Although these methods partially address the issue of the high computational complexity of the models, several problems remain. Firstly, detecting ship targets in complex backgrounds is still a challenge. Due to the imaging mechanism of SAR, a certain amount of speckle noise is generated, making it difficult to extract the ship feature information, thereby increasing the difficulty of distinguishing ship targets from nearshore buildings and other interferences. Secondly, the multi-scale differences in the ship target sizes in different images, influenced by the different imaging resolutions of the various SAR working modes and the volume sizes of the ships themselves, increase the detection difficulty.
In summary, addressing the challenge of arbitrary-direction ship target detection with a low computational cost while enhancing the multi-scale detection capability is urgent. To this end, we propose a lightweight anchor-free method for arbitrary-direction ship detection in SAR images, named LSR-Det. Firstly, we introduce a lightweight backbone network (LCGNet) based on contour and spatial information guidance. This network is mainly constructed using the contour-guided feature aggregation module (CGFAM) and the lightweight feature extraction module (LFEM), which efficiently extract ship features from SAR images. Secondly, to improve the ship target feature fusion performance, we design a lightweight adaptive feature pyramid network (LAFPN). By incorporating the adaptive ship feature fusion module (ASFM) into different feature layers of the feature pyramid network (FPN), the network can adaptively learn the subtle features in ship images and suppress the background clutter noise. Finally, we propose a lightweight rotation detection head (LRDHead) network that employs a shared convolutional parameters strategy to address the imbalance in the number of samples from ships of different scales, reducing the computational costs while enhancing the network’s ability to detect multi-scale ship targets in SAR images.

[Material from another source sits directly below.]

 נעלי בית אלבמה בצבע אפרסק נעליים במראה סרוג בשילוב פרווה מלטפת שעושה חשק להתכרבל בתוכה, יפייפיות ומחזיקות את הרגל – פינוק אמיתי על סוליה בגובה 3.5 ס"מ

The main contributions of this paper are as follows:
A lightweight contour-guided backbone network (LCGNet) is designed. The backbone network constructed using the contour-guided feature aggregation module (CGFAM) and lightweight feature extraction module (LFEM) can perform the extraction of SAR image ship features more efficiently and at the same time provide lower computational complexity.

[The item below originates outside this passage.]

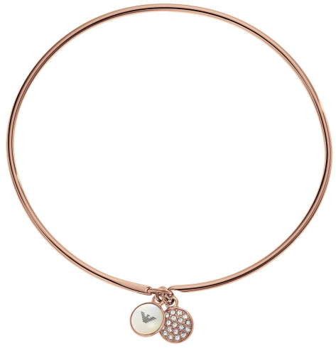 Emporio Armani EGS2155221 -rannekoru on sykähdyttävä ilmestys. Jännittävä yhdistelmä ylellisiä materiaaleja tekee tästä korusta hyvin ainutlaatuisen. Punakullan värinen rengas on valmistettu ruostumattomasta teräksestä ja sen halkaisija on 6 cm. Armani-logolla varustetun levyn pinnassa on valkoista helmiäistä. Viereistä levyä koristavat puolestaan kirkkaat zirkoniat. Toimitus valmistajan alkuperäisessä pakkauksessa.

The lightweight adaptive feature pyramid network (LAFPN) is designed. It improves the model’s ability to perceive ship position information and can achieve the multi-scale feature-adaptive fusion of ship features in SAR images with lower parameters.
The lightweight rotation detection head (LRDHead) network is designed. The design of shared convolutional parameters can reduce the number of parameters and computational volume of the detection head network and at the same time enhance the multi-scale detection capability of the model.
The experimental results on the SAR ship detection dataset (SSDD) and rotated ship detection dataset in SAR images (RSDD-SAR) show that our proposed module is effective, and, compared with the other arbitrary-direction target detectors, LSR-Det obtains higher AP50 and F1 scores, while both the parameters and computation are lower than for the other arbitrary-direction target detectors.
The rest of the paper is organized as follows.
Section 2 describes the proposed methodology in detail.
Section 3 provides and analyzes the experimental results.
Section 4 discusses the impact of the three proposed modules. Finally,
Section 5 concludes the paper.